I’m not even sure if they call it math workshop in New Zealand, but let’s just go with that. I observed a structure in my daughter’s Wellington school that allowed students to self-assess, determine their own schedule, attend targeted workshops, complete work on their own schedule, reflect on their learning, and learn from other students. Within this structure is a level of student ownership and autonomy I’ve always wanted in my classes. When I returned home, I spent the summer trying to figure out how to make it work. Here are the main components as I see them.

A sample weekly workshop schedule

__Assessment__

The workshop structure is driven by assessment—formative and summative.
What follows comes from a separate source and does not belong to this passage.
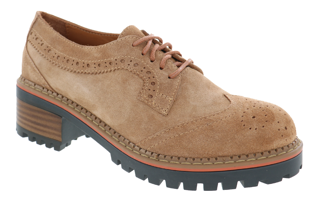 The Biza Wendy is a lace-up loafer that seamlessly combines timeless vintage appeal with daily wearability. Made from high-quality suede leather, this women's shoe showcases traditional wingtip accents and a streamlined lace-up design for a refined yet spirited appearance. Its fully leather-lined interior ensures a comfortable fit, while the shock-absorbing rubber sole and sturdy lug tread deliver reliable support throughout your day.

Each unit of study begins with a pre-assessment that is similar to the formal summative assessment. Students analyze their performance on the pretest, then use it to determine their needs throughout the unit. For example, a student may be able to multiply negative numbers with help from another student, but needs a workshop to understand how to subtract. Another student might need teacher-led workshops for both concepts.

Daily formative assessment determines gaps in understanding, and allow teachers to offer feedback.

__Quick 10__

The quick 10 is a set of problems to complete at the beginning of each class. I use a combination of random number multiplication tables and problems from Minute Math. These are relatively easy, but help students remember important ideas and vocabulary.

__Workshops__

Workshops are teacher-led. They are short—about 25 minutes, and they are targeted toward the needs of a small group.

__Consolidation__

Consolidation consists of activities in which the students practice relevant skills. Students mostly work independently during this time. Before I started teaching workshop, consolidation came in the form of homework assignments. Under the workshop structure, there is no homework. Students are expected to complete the work in class where they have time, space, and support to practice the new material.

__Rally Coaching__

In rally coaching, students work in pairs to practice mathematical processes and concepts. Students usually choose their own partners, but are encouraged to select a partner that will both support and challenge them.

__Reflection__

During the last five minutes of each class period, students write a reflection. They record any new learning, struggles, or thoughts from the day’s work. I collect their notebooks every day, read the reflections, and give feedback.

There are certainly challenges with math workshop. Creating and adhering to a schedule is not my strong suit. Additionally, I have frequent conversations with my seventh graders about how to manage time, work independently, and make good choices. Still, the students are responding well to their new autonomy and responsibility. They are logging more practice time than ever before, and can explain processes and concepts to their peers. I can differentiate more effectively and work more closely with individuals. Students remain engaged throughout tour 90-minute periods. Under this structure, they are social and active, yet productive.